===== DATA FOR THIS TASK =====
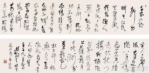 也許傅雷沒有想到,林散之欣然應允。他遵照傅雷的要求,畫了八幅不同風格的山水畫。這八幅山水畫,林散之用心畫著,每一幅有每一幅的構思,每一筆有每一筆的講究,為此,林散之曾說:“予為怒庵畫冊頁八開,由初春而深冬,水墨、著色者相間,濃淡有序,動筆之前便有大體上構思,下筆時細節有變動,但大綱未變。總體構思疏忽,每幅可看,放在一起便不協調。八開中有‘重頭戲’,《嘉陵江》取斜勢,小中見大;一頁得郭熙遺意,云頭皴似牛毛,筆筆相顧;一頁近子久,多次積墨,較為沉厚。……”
=====
===== DATA FOR THIS TASK =====
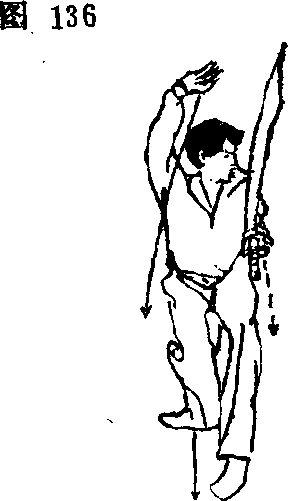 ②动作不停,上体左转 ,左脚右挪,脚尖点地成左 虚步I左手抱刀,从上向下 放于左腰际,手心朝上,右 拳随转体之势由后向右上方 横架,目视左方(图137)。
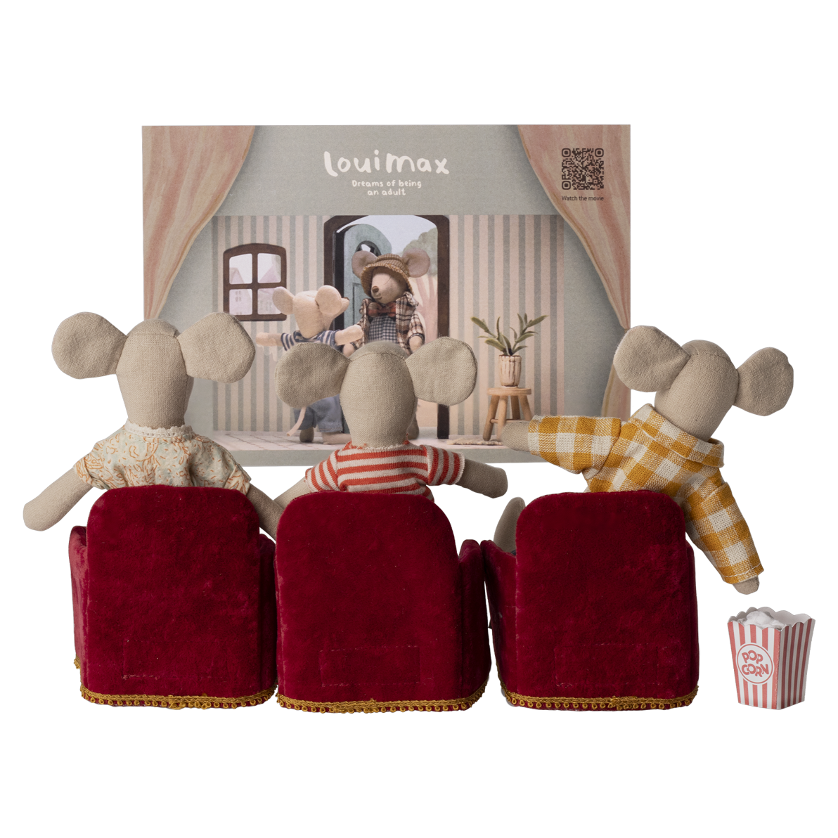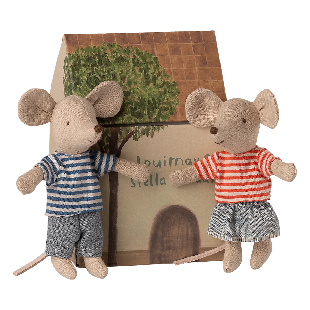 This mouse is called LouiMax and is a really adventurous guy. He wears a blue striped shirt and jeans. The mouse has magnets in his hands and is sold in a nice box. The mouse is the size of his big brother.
=====
(TASK GOAL):
Transcribe the listing above exactly, but only from the line with "②动作不停,上体左转 ,左脚右挪,脚尖点地成左 虚步I左手抱刀,从上向下" through the line with "This mouse is". Include both of those lines and omit the pictures.

(EXERCISE SOLUTION):
 ②动作不停,上体左转 ,左脚右挪,脚尖点地成左 虚步I左手抱刀,从上向下 放于左腰际,手心朝上,右 拳随转体之势由后向右上方 横架,目视左方(图137)。
 This mouse is called LouiMax and is a really adventurous guy. He wears a blue striped shirt and jeans. The mouse has magnets in his hands and is sold in a nice box. The mouse is the size of his big brother.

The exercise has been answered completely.